Several studies have reported associations between a high-protein diet and alterations in the liver, intestinal mucosa, kidneys[8,9], pancreas, adipose tissue, and bones[9,12]. Since the primary metabolic reactions involving macronutrients occur in the liver, it is essential to understand the potential hepatic lesions that may result from dietary modifications. It has been shown that high-fat or low-carbohydrate diets can cause hepatic steatosis related to excessive demand for fatty acids from diet and from adipose tissues as a consequence of gluconeogenesis. In a recently published study, a high-protein diet (independent of the amount and type of fat or carbohydrate) was found not to lead to steatosis and may actually reverse it.
Hepatic cells are important targets for lesions in the presence of excessive dietary components since they are absorbed through the intestinal mucosa and quickly reach the liver through the portal vein.
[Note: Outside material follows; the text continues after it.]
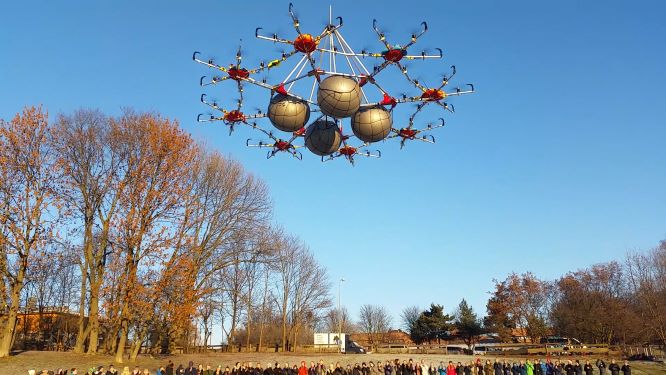 当地时间2016年1月12日报道(具体拍摄时间不详),据国外媒体称,挪威奥斯陆大学教师Krister Borge带领学生历时两年,耗费20多万挪威克朗(约合人民币14多万元),打造了一架具有48个马达、24块电池的大型无人机。据悉,该无人机为八爪直升机,功率接近70千瓦,能够承受一个人的重量,主要由铝条及胶合板制成。目前该无人机已经完成了首次试飞,正在等待有关部门批准,以进行与载人相关的试飞试验。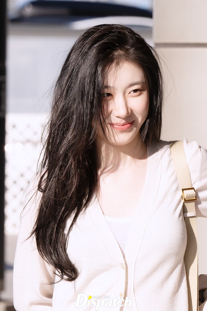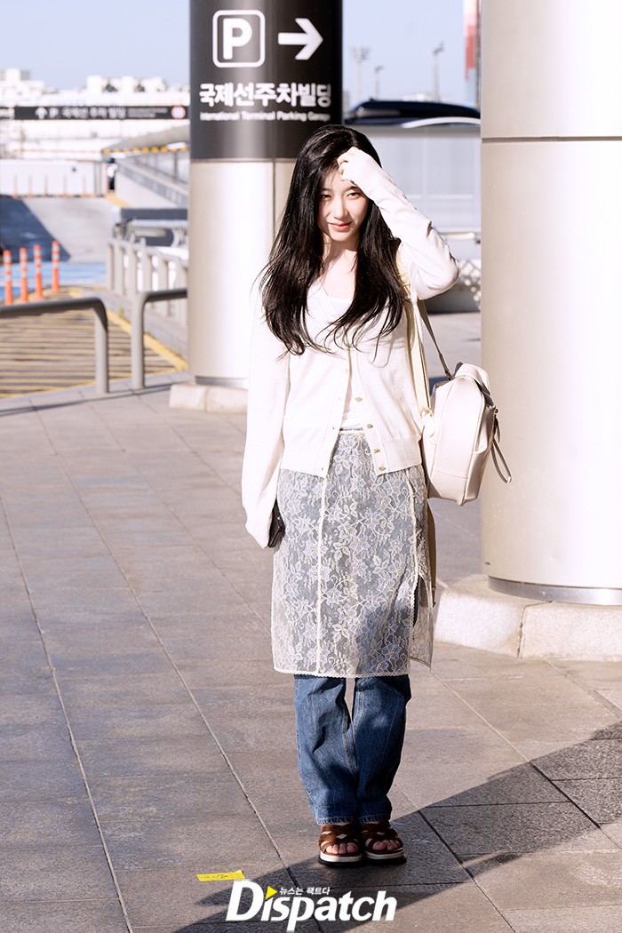 채령은 이날 청바지에 카디건을 매치해 수수한 공항패션을 연출했다. 우아한 미모가 돋보였다.

Among macronutrients, carbohydrates and fat are largely responsible for the observed alterations since they promote changes in gene transcription and glycolytic and lipogenic enzymes [sterol responsive binding protein 1/2 (SREBP) and the mammalian target of rapamycin - mTOR), insulin, and adipokines].
Hepatocytes respond to injuries via various mechanisms, of which the most important are autophagy, apoptosis, and non-apoptotic death. Autophagy may be considered to be an adaptive process associated with different types of liver injury, such as nutrient deprivation, insufficient growth factor, hypoxia, and the accumulation of fat in hepatocytes. Autophagy can be reversed if conditions improve. The cell digests its own components for use as an energy substrate; and when these components are insufficient to maintain cell homeostasis, either apoptosis or non-apoptotic death occurs[16,17]. Apoptosis, a cellular suicide program, is a natural process that is necessary to remove damaged, senescent, or mutagenic cells that have completed their mission. However, this process may lead to the development of various liver diseases. It is responsible for the development of nonalcoholic fatty liver disease (NAFLD) and nonalcoholic steatohepatitis (NASH) when the capacity of hepatocytes to store free fatty acids from the diet is exceeded. Apoptosis is an active process that requires energy; when energy is insufficient, the process decelerates and non-apoptotic death begins. Non-apoptotic death differs from apoptosis in many ways since it sparks an inflammatory response that can aggravate the initial lesion[15,18].
Here, we hypothesized that a high-protein (59.46%), high-fat (31.77%), and very low-carbohydrate (8.77%) diet can cause hepatocyte lesions, as identified by flow cytometry and immunohistochemistry (IHC). We aimed to correlate the cytometry findings with light microscopy alterations and plasma transaminase levels.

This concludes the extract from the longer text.